WHAT YOU HAVE TO DO: Using the records below, write out only the lines from the line containing "玄関の扉を開けると、とびちゃんは行儀よく座って、迎えてくれました。" up to and including the line containing "When the weather", exactly, with no pictures.

PROVIDED RECORDS:
────────────────────

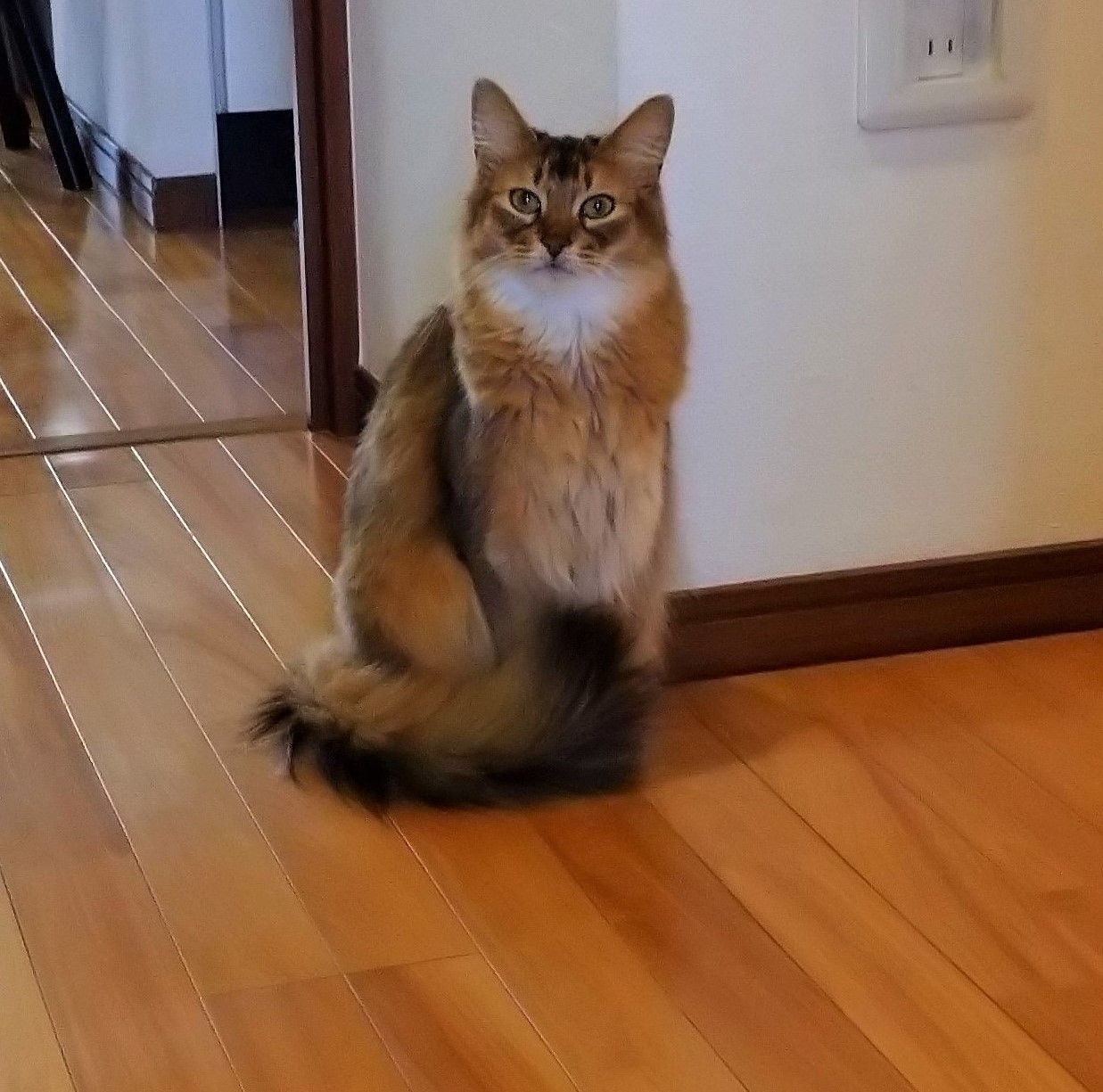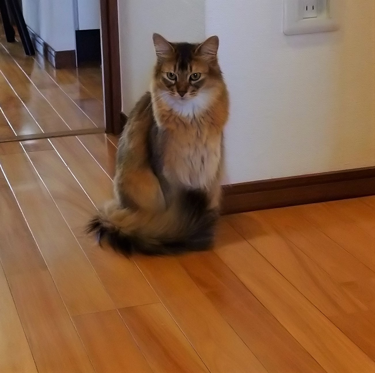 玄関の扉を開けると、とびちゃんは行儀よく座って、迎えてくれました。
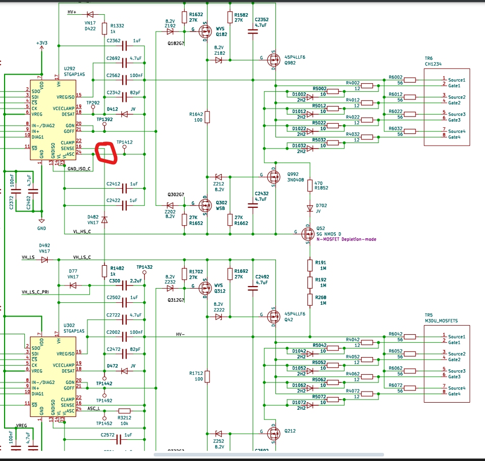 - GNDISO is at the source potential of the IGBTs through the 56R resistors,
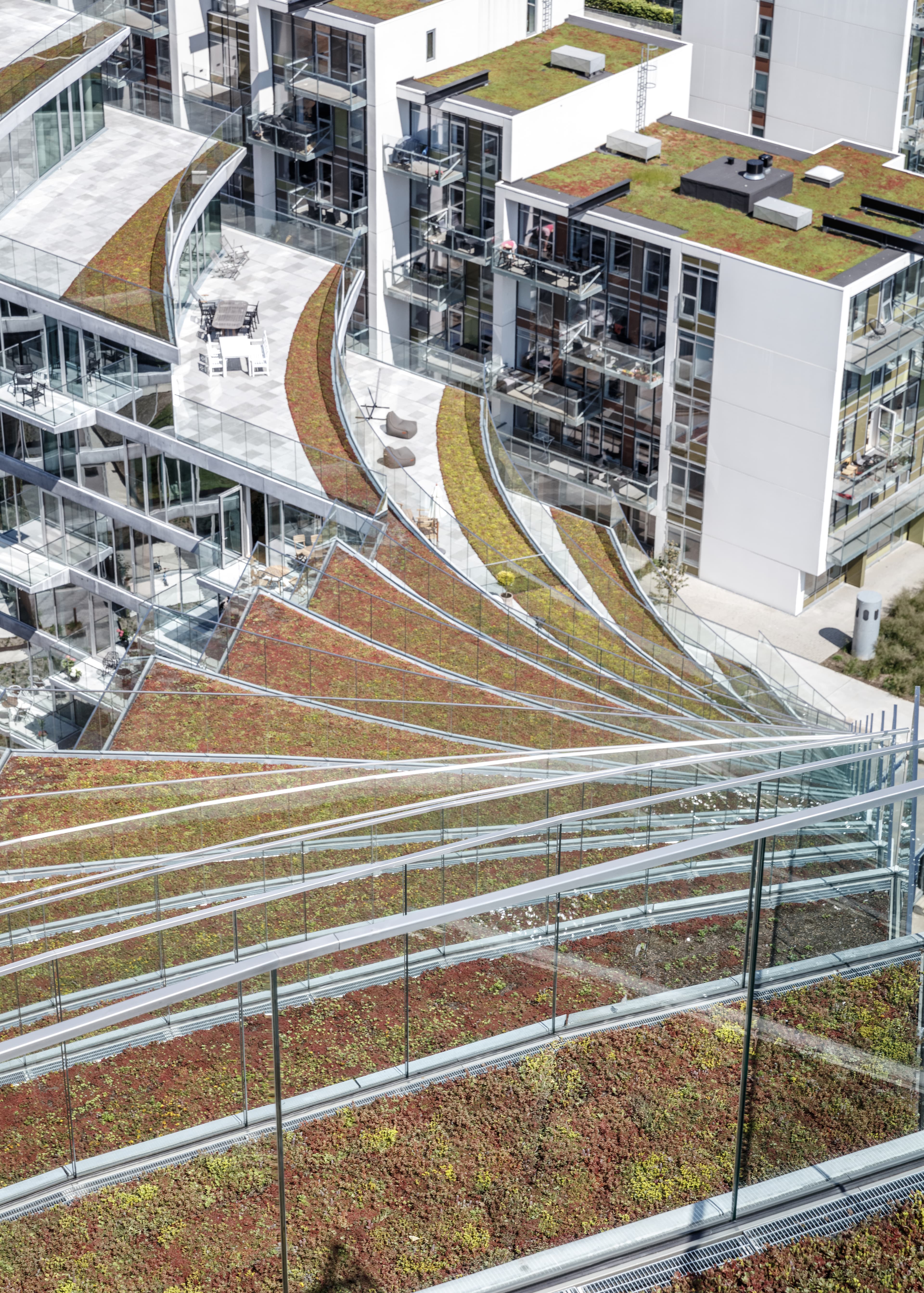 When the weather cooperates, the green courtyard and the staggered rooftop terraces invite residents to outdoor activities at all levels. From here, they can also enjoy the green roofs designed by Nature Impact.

────────────────────

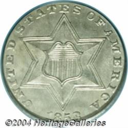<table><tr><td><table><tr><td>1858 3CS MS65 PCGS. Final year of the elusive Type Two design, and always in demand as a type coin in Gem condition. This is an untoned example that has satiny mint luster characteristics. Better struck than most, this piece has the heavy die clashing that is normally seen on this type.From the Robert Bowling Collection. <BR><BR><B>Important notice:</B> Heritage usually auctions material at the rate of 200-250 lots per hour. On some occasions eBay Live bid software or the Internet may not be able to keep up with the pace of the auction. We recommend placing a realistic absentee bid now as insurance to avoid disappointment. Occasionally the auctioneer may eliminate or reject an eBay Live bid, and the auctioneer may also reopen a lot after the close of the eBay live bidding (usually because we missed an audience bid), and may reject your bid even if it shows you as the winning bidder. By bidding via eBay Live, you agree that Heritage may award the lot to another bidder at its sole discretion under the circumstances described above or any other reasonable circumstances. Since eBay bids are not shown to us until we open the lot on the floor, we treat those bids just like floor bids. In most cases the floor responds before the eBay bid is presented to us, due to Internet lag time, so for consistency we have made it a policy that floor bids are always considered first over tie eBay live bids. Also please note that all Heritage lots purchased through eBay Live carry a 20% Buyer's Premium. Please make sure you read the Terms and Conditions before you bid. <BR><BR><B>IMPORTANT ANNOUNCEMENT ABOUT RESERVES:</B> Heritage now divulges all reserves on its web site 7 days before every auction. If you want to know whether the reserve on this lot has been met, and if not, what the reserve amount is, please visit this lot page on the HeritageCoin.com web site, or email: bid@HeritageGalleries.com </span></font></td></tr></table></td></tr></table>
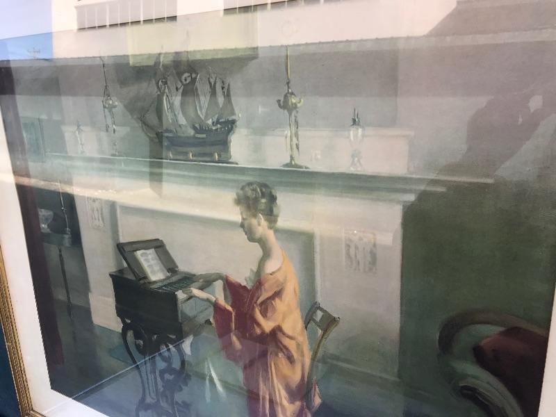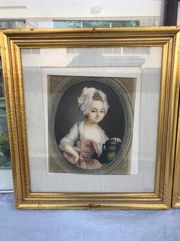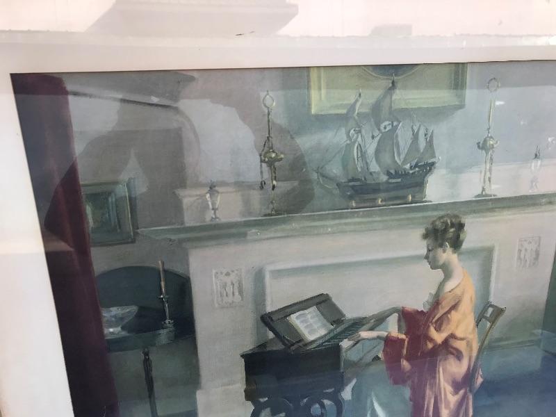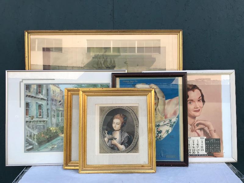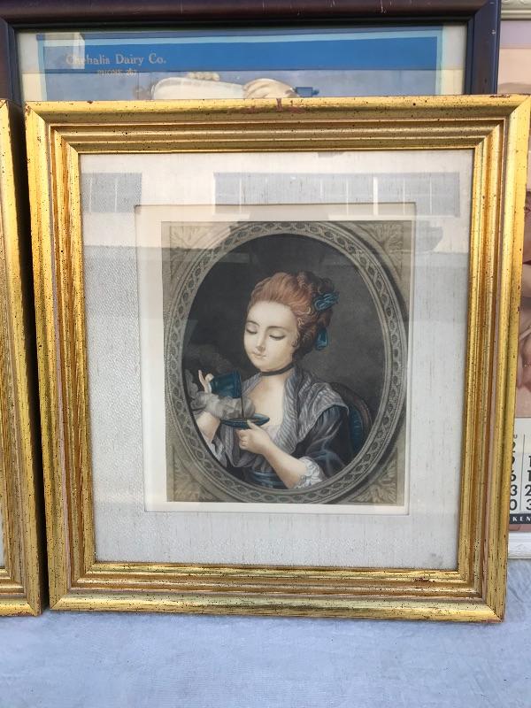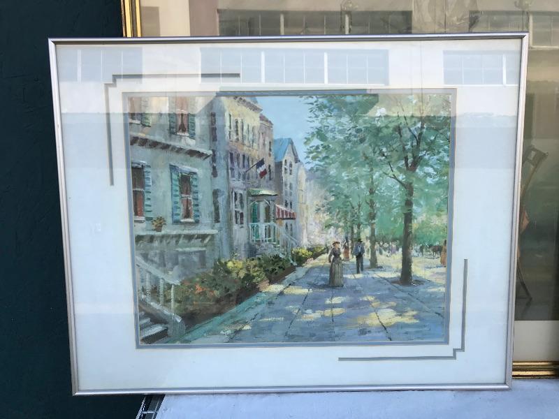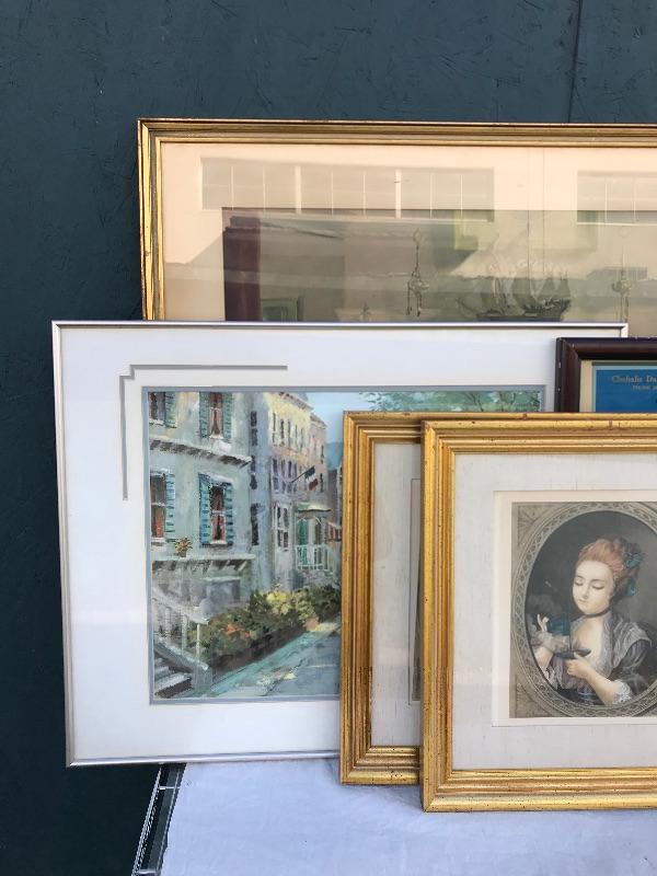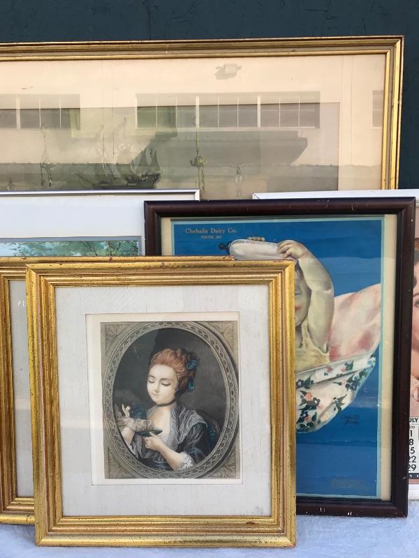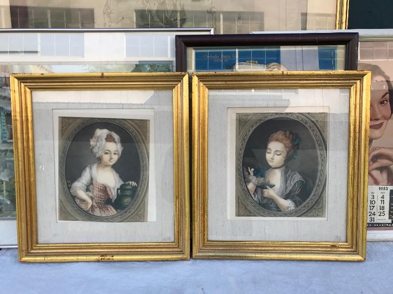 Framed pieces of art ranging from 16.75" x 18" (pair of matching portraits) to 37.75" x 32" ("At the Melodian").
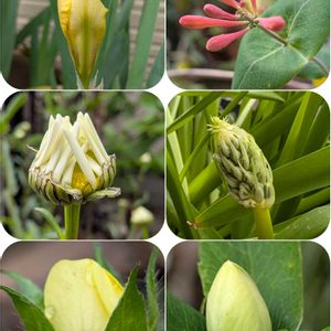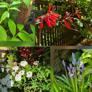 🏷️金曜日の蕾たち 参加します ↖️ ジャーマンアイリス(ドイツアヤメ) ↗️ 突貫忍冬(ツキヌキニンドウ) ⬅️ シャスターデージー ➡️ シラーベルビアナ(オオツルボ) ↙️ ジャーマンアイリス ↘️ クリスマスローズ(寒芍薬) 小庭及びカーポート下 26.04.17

────────────────────

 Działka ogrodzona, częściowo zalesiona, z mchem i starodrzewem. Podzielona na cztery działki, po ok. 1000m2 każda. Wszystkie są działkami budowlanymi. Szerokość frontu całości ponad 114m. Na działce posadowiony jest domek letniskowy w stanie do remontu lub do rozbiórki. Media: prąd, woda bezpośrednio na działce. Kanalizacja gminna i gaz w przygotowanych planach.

────────────────────

ANSWER TO THIS PROBLEM:
 玄関の扉を開けると、とびちゃんは行儀よく座って、迎えてくれました。
 - GNDISO is at the source potential of the IGBTs through the 56R resistors,
 When the weather cooperates, the green courtyard and the staggered rooftop terraces invite residents to outdoor activities at all levels. From here, they can also enjoy the green roofs designed by Nature Impact.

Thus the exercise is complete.